EXCHANGE NEWSWIRE, 27 July 2011
Brazil’s government will impose a 1% IOF tax on the notional value of any FX derivatives sold or bought in Brazil by both local and foreign investors to contain the Real’s appreciation, according to a decree published in the Federal Register. Brazil’s National Monetary Council (CMN) will also work on changing regulations in the market, according to Wall Street Journal, and the measures could also include deposits and limits on derivatives positions. Wall Street Journal also mentioned that Brazil will charge a 6% tax and fine institutions that pay off early overseas loans with terms of two years or longer.
NDAQ reported 2Q11 adjusted EPS of $0.62 (+19% y/y) versus consensus of $0.60; on net revenues of $416m (+7% y/y) and adjusted expenses of $229m (+11% y/y).

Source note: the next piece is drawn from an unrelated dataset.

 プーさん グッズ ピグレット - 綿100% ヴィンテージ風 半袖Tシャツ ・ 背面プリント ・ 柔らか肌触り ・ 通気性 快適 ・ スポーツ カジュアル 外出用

During 2Q11 its US cash market share was 22% and US derivatives market share was 29%. NDAQ CFO Shavel stated that NDAQ is in a position to reduce its outstanding debt, and NDAQ guided FY11 expenses to be $910m-$925m, excluding $40m in merger-related and other infrequent charges.

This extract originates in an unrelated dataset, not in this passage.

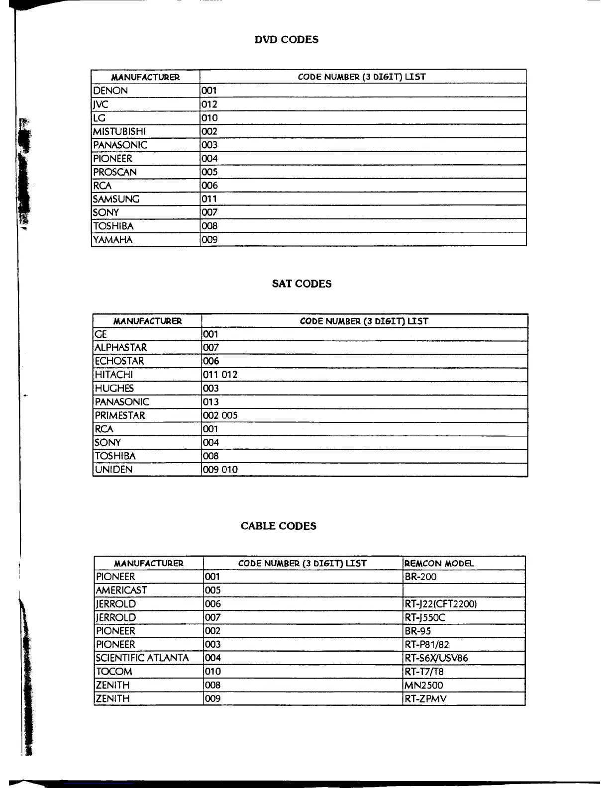 I MANUFACTURER CODE NUMBER (3 DIGIT) LIST REMCON MODel
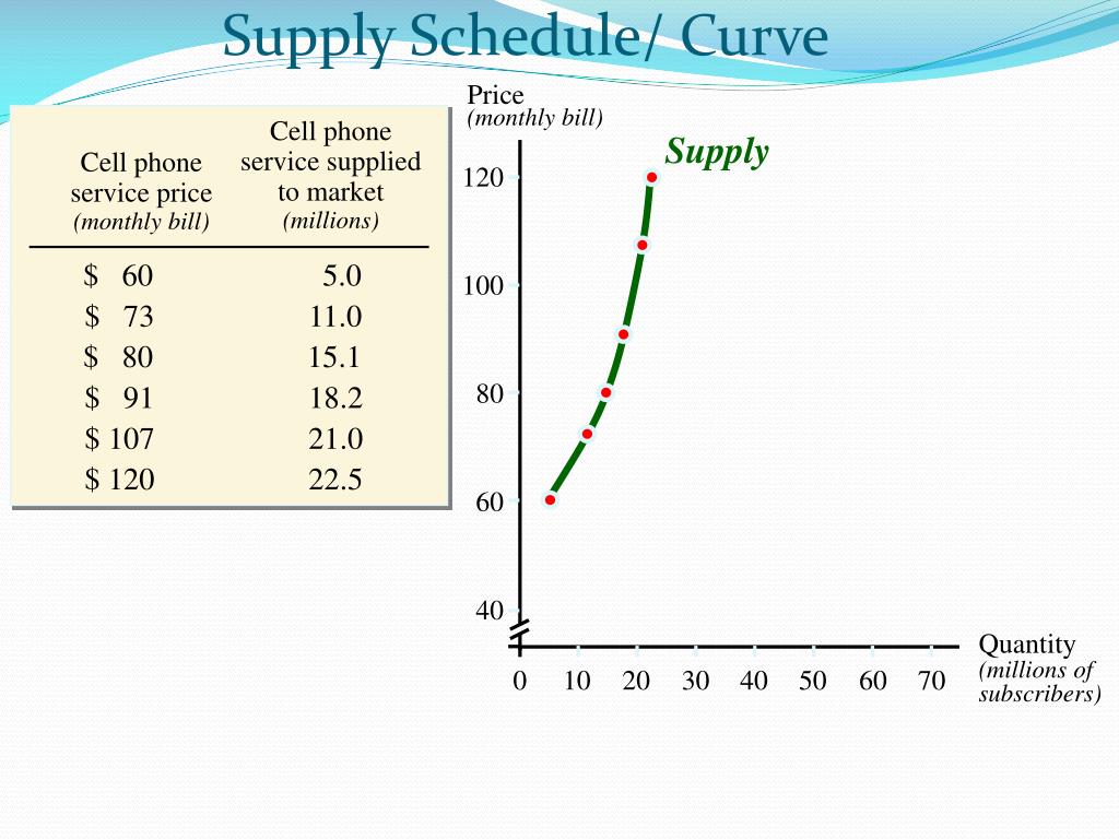 Supply Supply Schedule/ Curve Price(monthly bill) Cell phone service supplied to market(millions) Cell phone service price(monthly bill) 120 $ 60 5.0 100 $ 73 11.0 $ 80 15.1 80 $ 91 18.2 $ 107 21.0 $ 120 22.5 60 40 Quantity(millions of subscribers) 0 10 20 30 40 50 60 70

LSE told market participants that combining DB1 and NYX will “create a single provider of derivatives trading and clearing in Europe, eliminating competition for trading and innovation between them”. LSE also noted that “today, Eurex and Liffe compete head to head in European single stock options and OTC trade reporting and through new product and service development”, but “this will all be lost” with the merger.
NDAQ supported LSE’s comments that the DB1-NYX merger would eliminate competition, stating that “the creation of the merged entity would have a tremendous negative impact on competition in the European derivatives landscape, and if approved, would create a monopoly that would be able to dictate the market for years to come”. NDAQ expressed that the merger “would not serve the best interests of the users of the European derivatives markets”.
Instinet achieved a spread reduction of 8.2% and a price improvement of 0.68 basis points on best displayed prices in 2Q11, according to an analysis by Intelligent Financial Systems (IFS). Instinet estimates that based solely on its dark pool trades, its average price improvement may have been 5 to 6 basis points. IFS’ analysis also stated that Instinet’s achieved the best possible displayed price in 99.9998% of the time. Instinet also said that the majority of cases, the best price for a UK equity trade was provided by a venue other than the LSE.
CFTC appointed Tony Thompson as the regulator’s Executive Director, replacing Madge Bolinger Gazzola who retired after 35 years of service with CFTC. Thompson was most recently the Deputy Administrator of the Office of Management at the US Department of Agriculture’s Food Safety and Inspection Service (FSIS).
SEC voted unanimously to set up a large trader reporting system to collect data from traders such as hedge funds and banks, which transact two million shares or $20m a day, to better investigate stock market swings like the May 6 “Flash Crash” in 2010. The large traders will have to identify themselves with SEC and each will receive an identification number that will be provided to their broker-dealers, which have to maintain information and present it to SEC when requested.